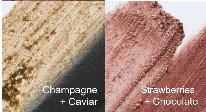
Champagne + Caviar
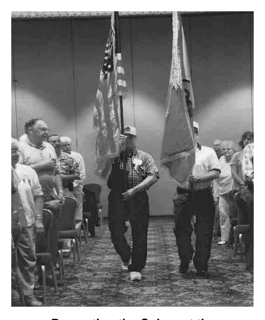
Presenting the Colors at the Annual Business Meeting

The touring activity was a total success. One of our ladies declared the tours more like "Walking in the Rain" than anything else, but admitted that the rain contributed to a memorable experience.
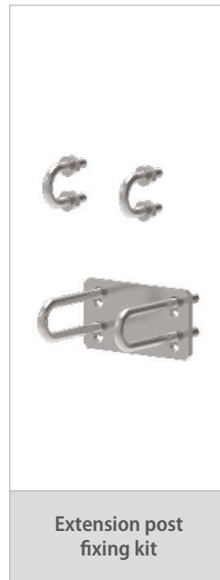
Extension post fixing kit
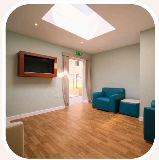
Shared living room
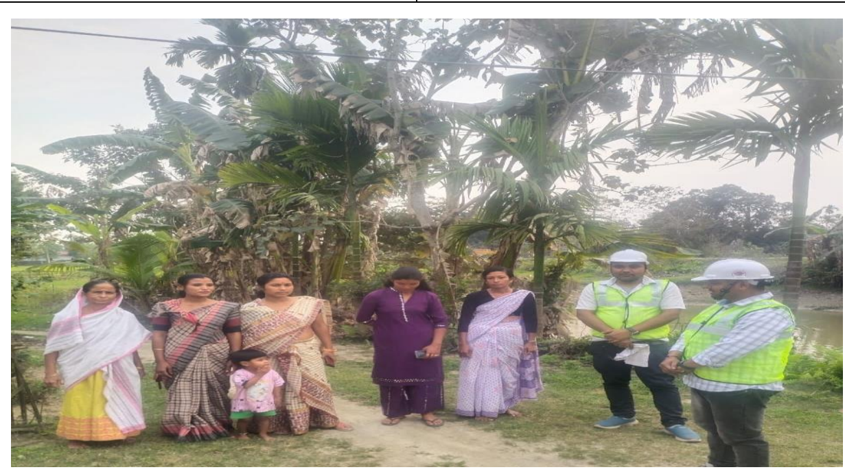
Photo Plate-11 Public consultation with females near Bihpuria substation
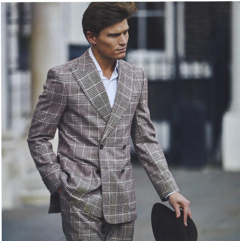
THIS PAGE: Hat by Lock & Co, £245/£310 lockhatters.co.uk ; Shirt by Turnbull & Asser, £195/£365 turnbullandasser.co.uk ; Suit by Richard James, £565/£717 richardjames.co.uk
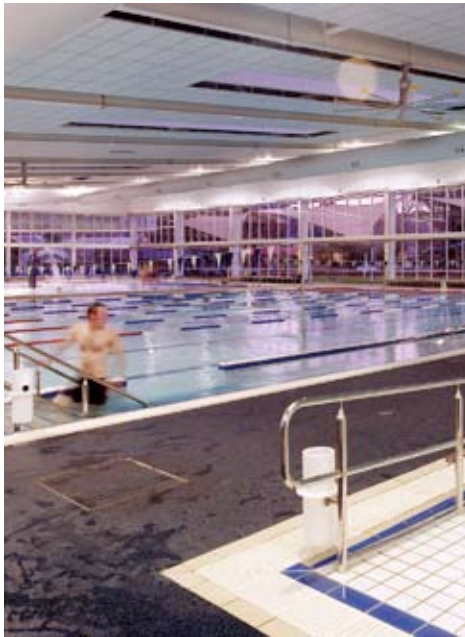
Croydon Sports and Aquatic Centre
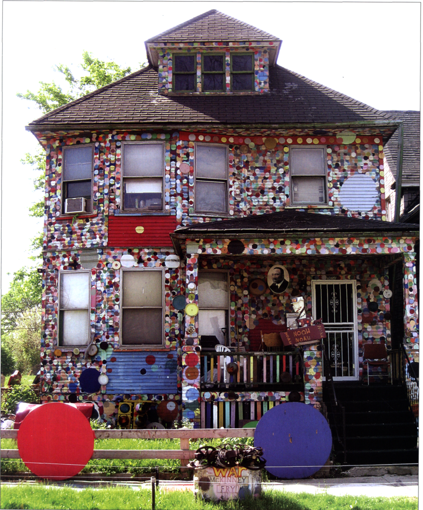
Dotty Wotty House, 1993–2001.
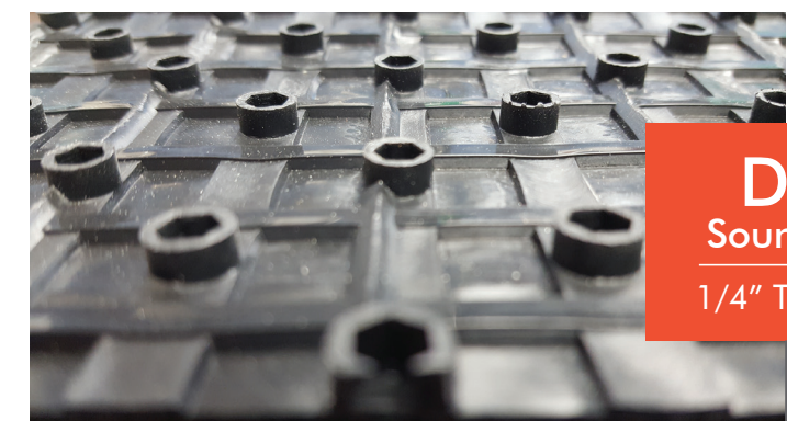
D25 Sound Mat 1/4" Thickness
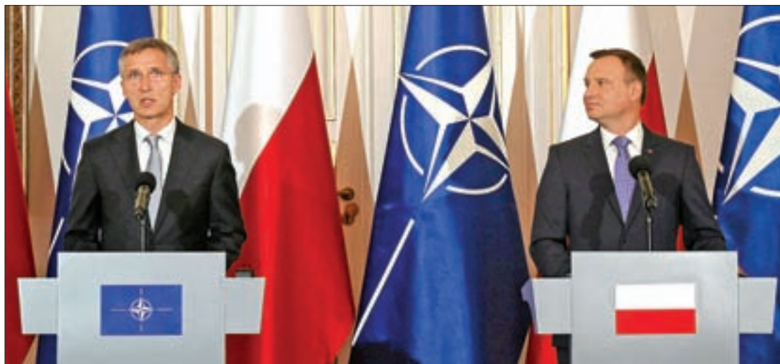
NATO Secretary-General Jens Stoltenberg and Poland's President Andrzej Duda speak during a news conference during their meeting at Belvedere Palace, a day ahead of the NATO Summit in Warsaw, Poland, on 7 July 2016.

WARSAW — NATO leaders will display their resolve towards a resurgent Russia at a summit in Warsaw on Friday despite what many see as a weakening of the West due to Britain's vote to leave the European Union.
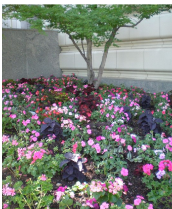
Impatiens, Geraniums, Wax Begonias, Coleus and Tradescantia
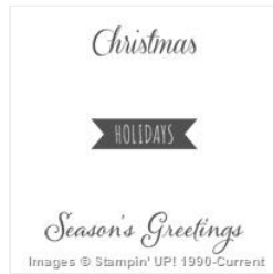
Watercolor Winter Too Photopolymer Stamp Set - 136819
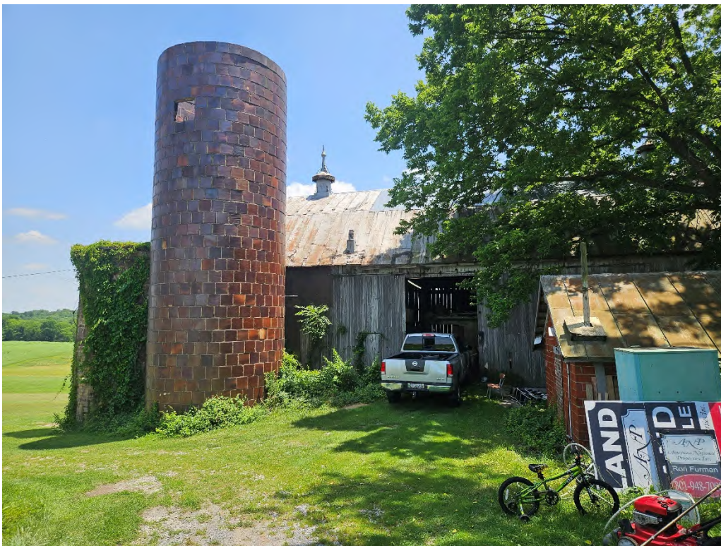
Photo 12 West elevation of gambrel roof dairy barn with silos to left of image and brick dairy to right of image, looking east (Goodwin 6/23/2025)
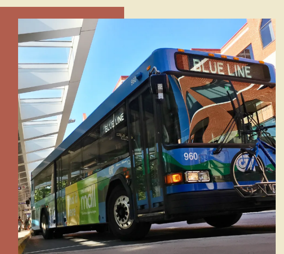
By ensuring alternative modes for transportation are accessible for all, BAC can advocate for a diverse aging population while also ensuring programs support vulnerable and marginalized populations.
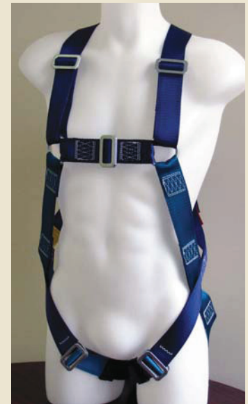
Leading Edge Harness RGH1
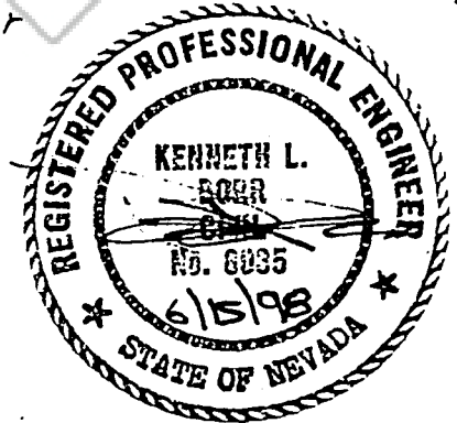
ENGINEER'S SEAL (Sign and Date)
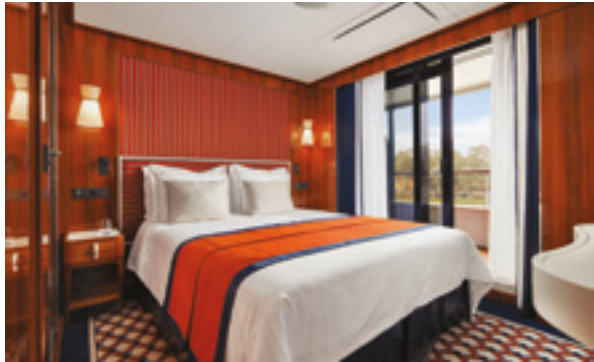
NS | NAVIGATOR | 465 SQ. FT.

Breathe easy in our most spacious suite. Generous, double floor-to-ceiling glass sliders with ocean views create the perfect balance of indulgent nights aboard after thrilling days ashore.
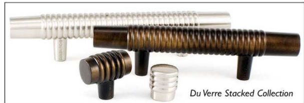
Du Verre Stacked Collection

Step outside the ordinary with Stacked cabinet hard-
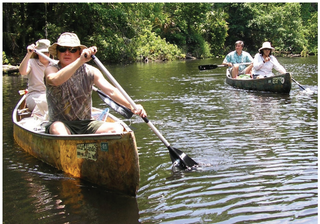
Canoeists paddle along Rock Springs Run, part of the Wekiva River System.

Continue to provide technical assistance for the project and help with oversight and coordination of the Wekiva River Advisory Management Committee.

---+---

> What the exercise asks: Write out the entries again, word for word. No images.

> Answer to this task:
Champagne + Caviar
Presenting the Colors at the Annual Business Meeting

The touring activity was a total success. One of our ladies declared the tours more like "Walking in the Rain" than anything else, but admitted that the rain contributed to a memorable experience.
Extension post fixing kit
Shared living room
Photo Plate-11 Public consultation with females near Bihpuria substation
THIS PAGE: Hat by Lock & Co, £245/£310 lockhatters.co.uk ; Shirt by Turnbull & Asser, £195/£365 turnbullandasser.co.uk ; Suit by Richard James, £565/£717 richardjames.co.uk
Croydon Sports and Aquatic Centre
Dotty Wotty House, 1993–2001.
D25 Sound Mat 1/4" Thickness
NATO Secretary-General Jens Stoltenberg and Poland's President Andrzej Duda speak during a news conference during their meeting at Belvedere Palace, a day ahead of the NATO Summit in Warsaw, Poland, on 7 July 2016.

WARSAW — NATO leaders will display their resolve towards a resurgent Russia at a summit in Warsaw on Friday despite what many see as a weakening of the West due to Britain's vote to leave the European Union.
Impatiens, Geraniums, Wax Begonias, Coleus and Tradescantia
Watercolor Winter Too Photopolymer Stamp Set - 136819
Photo 12 West elevation of gambrel roof dairy barn with silos to left of image and brick dairy to right of image, looking east (Goodwin 6/23/2025)
By ensuring alternative modes for transportation are accessible for all, BAC can advocate for a diverse aging population while also ensuring programs support vulnerable and marginalized populations.
Leading Edge Harness RGH1
ENGINEER'S SEAL (Sign and Date)
NS | NAVIGATOR | 465 SQ. FT.

Breathe easy in our most spacious suite. Generous, double floor-to-ceiling glass sliders with ocean views create the perfect balance of indulgent nights aboard after thrilling days ashore.
Du Verre Stacked Collection

Step outside the ordinary with Stacked cabinet hard-
Canoeists paddle along Rock Springs Run, part of the Wekiva River System.

Continue to provide technical assistance for the project and help with oversight and coordination of the Wekiva River Advisory Management Committee.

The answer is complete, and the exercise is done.